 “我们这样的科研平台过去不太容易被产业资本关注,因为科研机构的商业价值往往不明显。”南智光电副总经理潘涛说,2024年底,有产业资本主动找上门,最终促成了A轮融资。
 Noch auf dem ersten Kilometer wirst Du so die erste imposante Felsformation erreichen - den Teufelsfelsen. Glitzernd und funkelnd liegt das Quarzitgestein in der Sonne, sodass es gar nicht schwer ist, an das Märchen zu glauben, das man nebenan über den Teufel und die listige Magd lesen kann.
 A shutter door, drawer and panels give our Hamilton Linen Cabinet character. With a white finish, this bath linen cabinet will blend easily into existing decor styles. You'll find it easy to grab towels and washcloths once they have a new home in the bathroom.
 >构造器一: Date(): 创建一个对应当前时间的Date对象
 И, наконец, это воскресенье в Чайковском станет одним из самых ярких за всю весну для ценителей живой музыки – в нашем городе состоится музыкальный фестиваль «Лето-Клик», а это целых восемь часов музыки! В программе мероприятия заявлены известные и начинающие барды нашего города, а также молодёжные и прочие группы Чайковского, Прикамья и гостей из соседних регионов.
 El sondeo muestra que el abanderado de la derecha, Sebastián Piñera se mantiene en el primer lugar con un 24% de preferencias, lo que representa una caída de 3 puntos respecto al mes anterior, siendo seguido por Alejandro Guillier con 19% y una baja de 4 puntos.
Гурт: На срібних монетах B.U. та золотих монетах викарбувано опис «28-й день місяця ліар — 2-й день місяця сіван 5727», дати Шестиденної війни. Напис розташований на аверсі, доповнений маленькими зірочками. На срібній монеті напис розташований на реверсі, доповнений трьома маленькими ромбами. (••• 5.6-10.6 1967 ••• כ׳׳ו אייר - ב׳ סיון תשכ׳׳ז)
======
- Instructions to follow -
With the line holding "И, наконец, это" as the first and the line holding "El sondeo muestra" as the last, set down that range of the entries above exactly, and nothing else.

- Response for this exercise -
 И, наконец, это воскресенье в Чайковском станет одним из самых ярких за всю весну для ценителей живой музыки – в нашем городе состоится музыкальный фестиваль «Лето-Клик», а это целых восемь часов музыки! В программе мероприятия заявлены известные и начинающие барды нашего города, а также молодёжные и прочие группы Чайковского, Прикамья и гостей из соседних регионов.
 El sondeo muestra que el abanderado de la derecha, Sebastián Piñera se mantiene en el primer lugar con un 24% de preferencias, lo que representa una caída de 3 puntos respecto al mes anterior, siendo seguido por Alejandro Guillier con 19% y una baja de 4 puntos.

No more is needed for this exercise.